◆ **Source material**
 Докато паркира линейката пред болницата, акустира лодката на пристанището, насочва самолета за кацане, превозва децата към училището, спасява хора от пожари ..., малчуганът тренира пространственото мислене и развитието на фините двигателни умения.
...
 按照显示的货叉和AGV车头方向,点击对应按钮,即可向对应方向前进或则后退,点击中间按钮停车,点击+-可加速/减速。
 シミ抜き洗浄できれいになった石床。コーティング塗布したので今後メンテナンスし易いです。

◆ **Exercise directions**
Copy the lines above exactly, beginning at the line that has "按照显示的货叉和AGV车头方" and stopping after the line that has "シミ抜き洗浄できれいになった", and omit the rest.

◆ **Task answer**
 按照显示的货叉和AGV车头方向,点击对应按钮,即可向对应方向前进或则后退,点击中间按钮停车,点击+-可加速/减速。
 シミ抜き洗浄できれいになった石床。コーティング塗布したので今後メンテナンスし易いです。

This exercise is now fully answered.